[What you should do]:
When the listing below reaches the line that has "Aki Motor BEAT", start reproducing exactly; stop after the line that has "Now we need", and drop the pictures.

[Supplied material]:
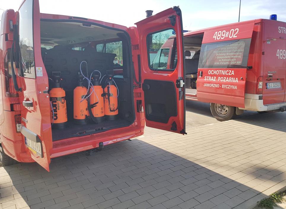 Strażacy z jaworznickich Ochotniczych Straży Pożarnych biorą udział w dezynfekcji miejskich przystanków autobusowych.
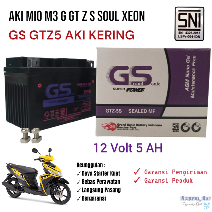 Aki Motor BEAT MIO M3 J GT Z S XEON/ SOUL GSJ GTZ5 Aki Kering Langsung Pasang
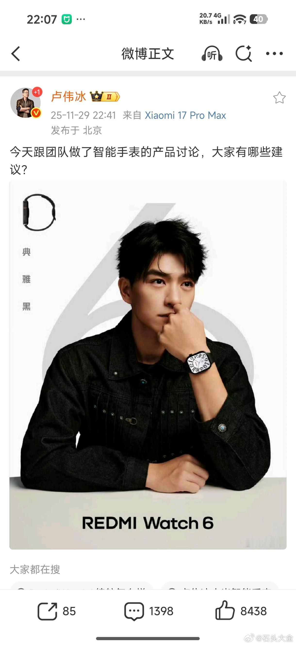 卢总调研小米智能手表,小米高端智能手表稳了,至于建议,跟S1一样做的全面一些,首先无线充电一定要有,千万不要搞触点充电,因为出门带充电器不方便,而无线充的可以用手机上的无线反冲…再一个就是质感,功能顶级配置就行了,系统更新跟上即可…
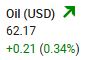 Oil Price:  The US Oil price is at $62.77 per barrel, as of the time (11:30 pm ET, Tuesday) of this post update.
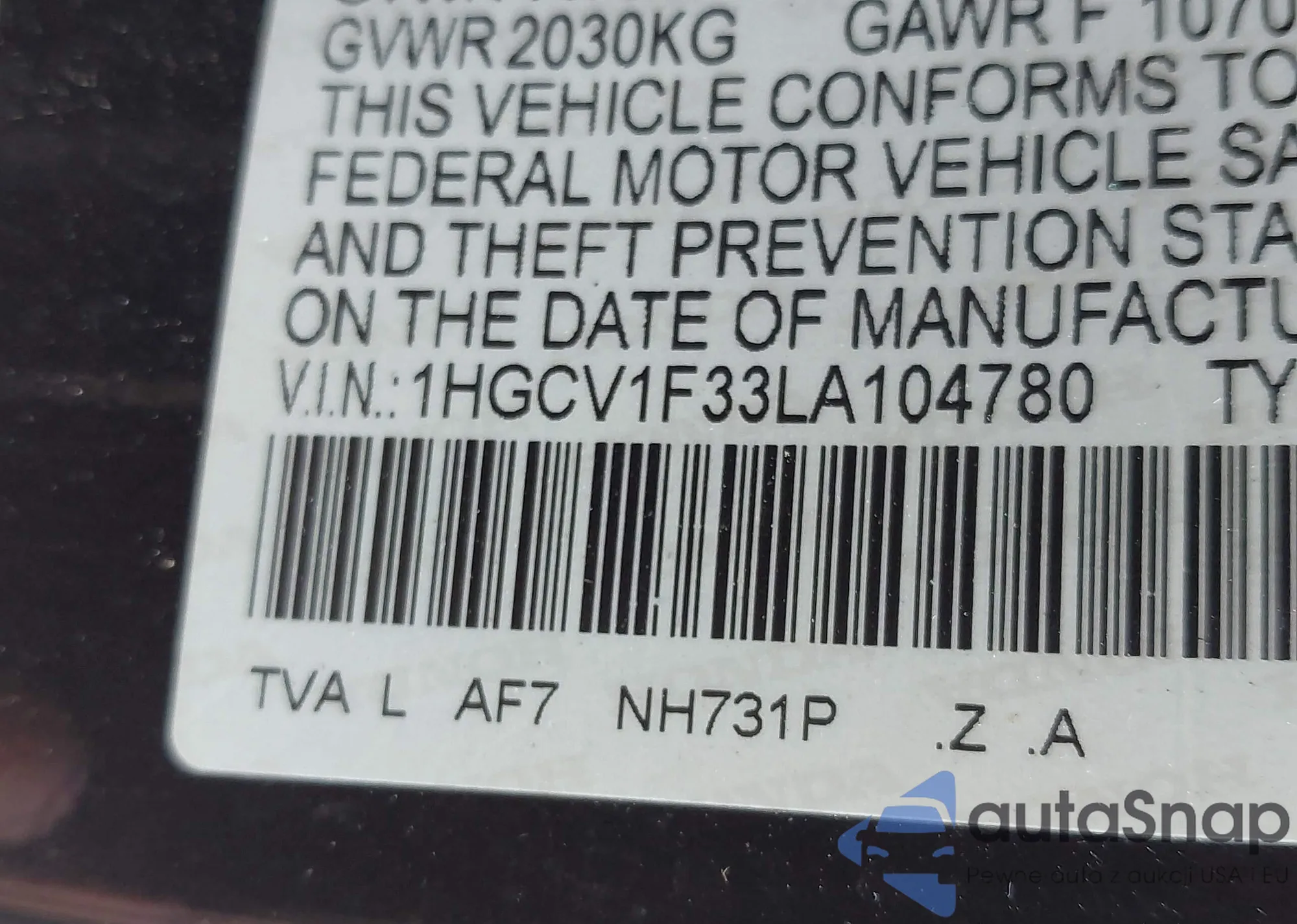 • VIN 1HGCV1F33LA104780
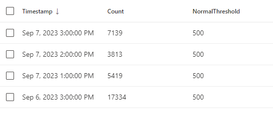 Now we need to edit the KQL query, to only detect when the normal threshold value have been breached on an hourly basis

==

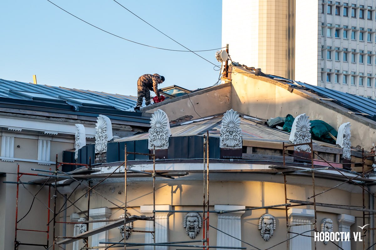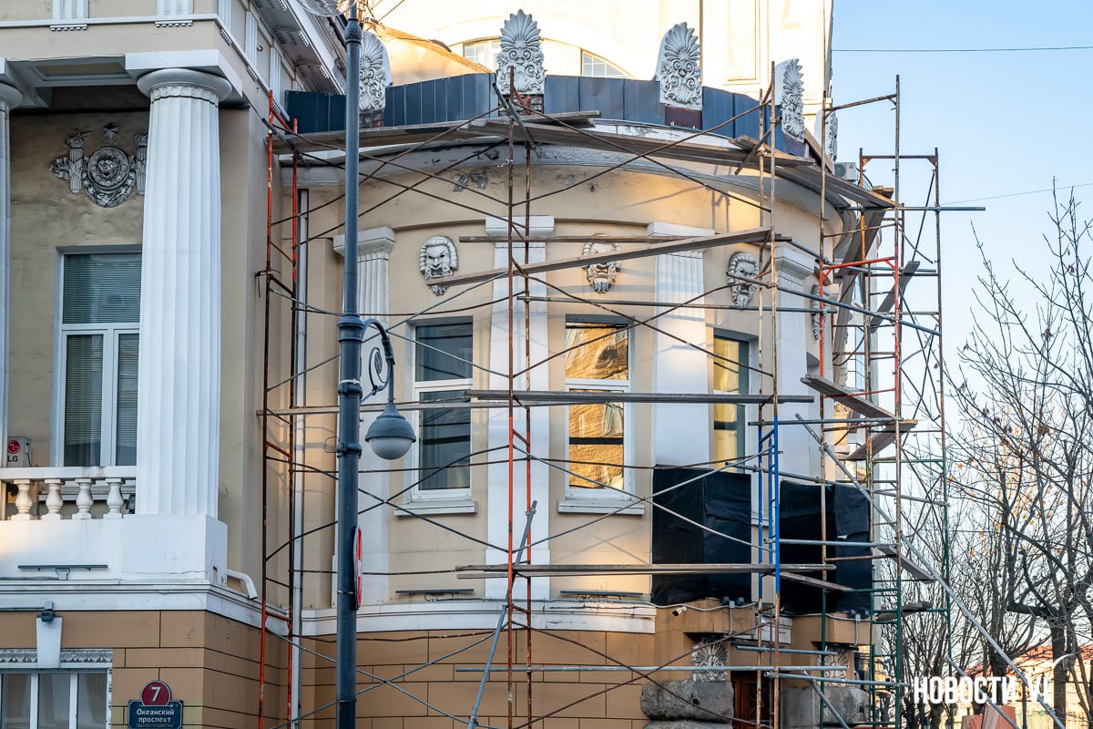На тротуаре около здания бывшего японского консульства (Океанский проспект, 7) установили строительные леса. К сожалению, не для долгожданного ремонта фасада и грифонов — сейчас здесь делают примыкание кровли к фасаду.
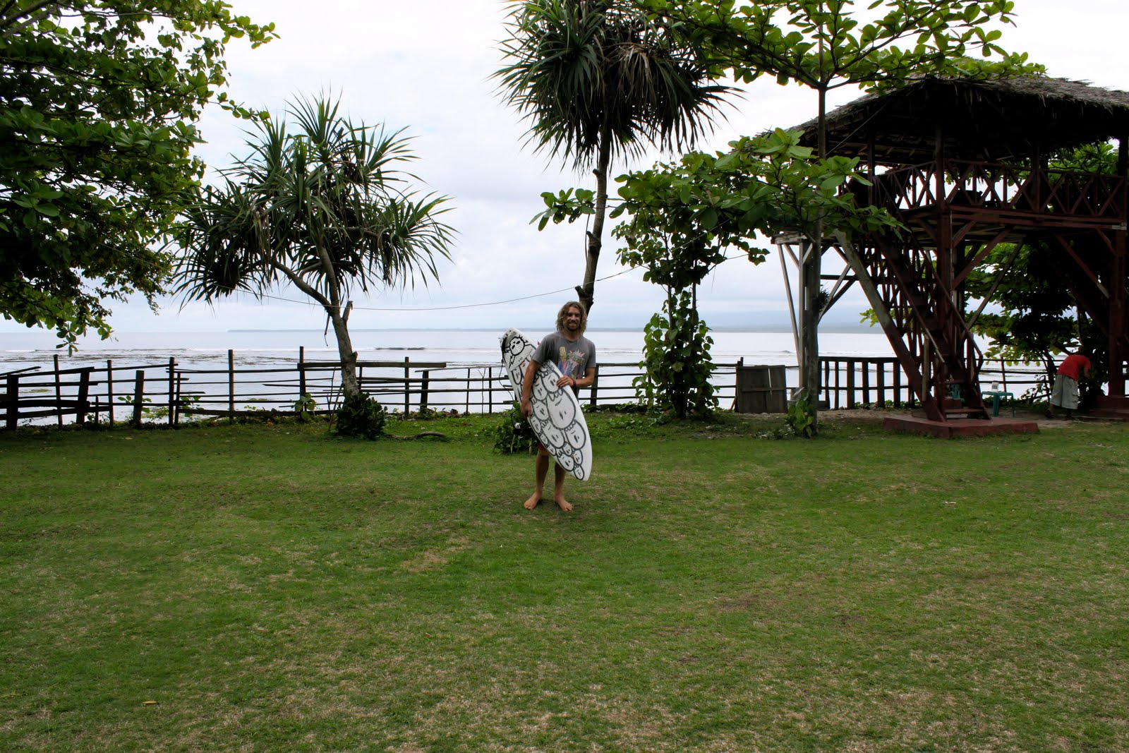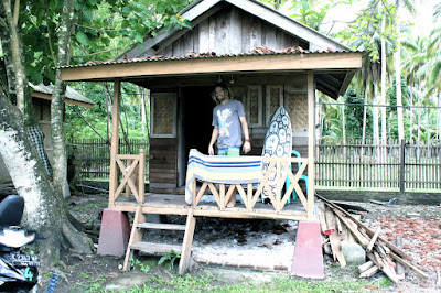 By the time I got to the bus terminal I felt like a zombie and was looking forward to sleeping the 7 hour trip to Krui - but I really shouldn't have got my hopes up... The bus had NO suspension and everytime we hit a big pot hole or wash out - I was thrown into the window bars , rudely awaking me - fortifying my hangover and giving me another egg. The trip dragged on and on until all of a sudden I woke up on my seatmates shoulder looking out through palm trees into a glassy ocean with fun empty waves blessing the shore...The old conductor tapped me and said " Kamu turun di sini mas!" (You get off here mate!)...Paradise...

==

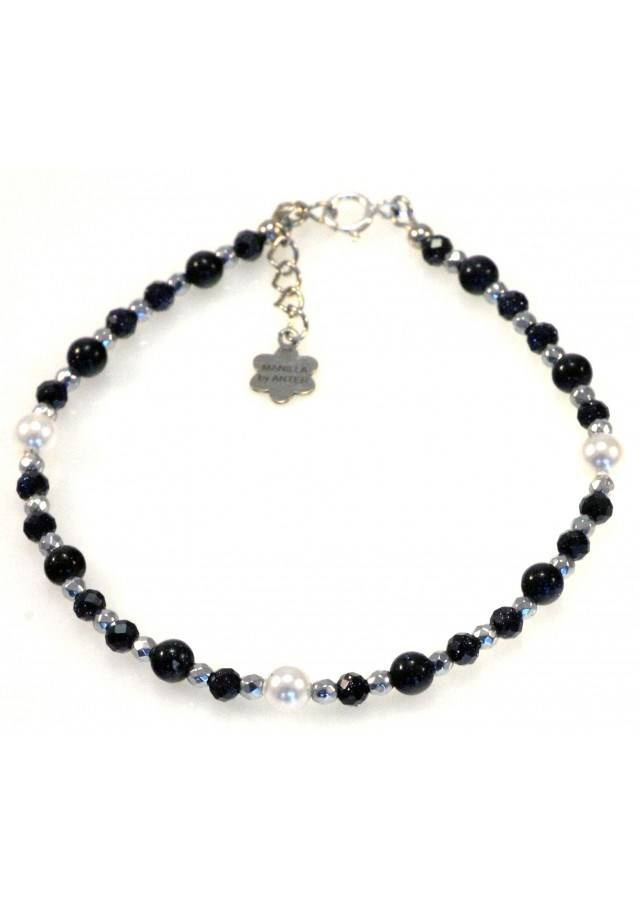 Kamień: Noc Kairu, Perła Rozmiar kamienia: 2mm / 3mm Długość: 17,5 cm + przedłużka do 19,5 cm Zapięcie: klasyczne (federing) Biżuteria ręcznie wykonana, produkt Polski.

[Solution for this exercise]:
 Aki Motor BEAT MIO M3 J GT Z S XEON/ SOUL GSJ GTZ5 Aki Kering Langsung Pasang
 卢总调研小米智能手表,小米高端智能手表稳了,至于建议,跟S1一样做的全面一些,首先无线充电一定要有,千万不要搞触点充电,因为出门带充电器不方便,而无线充的可以用手机上的无线反冲…再一个就是质感,功能顶级配置就行了,系统更新跟上即可…
 Oil Price:  The US Oil price is at $62.77 per barrel, as of the time (11:30 pm ET, Tuesday) of this post update.
 • VIN 1HGCV1F33LA104780
 Now we need to edit the KQL query, to only detect when the normal threshold value have been breached on an hourly basis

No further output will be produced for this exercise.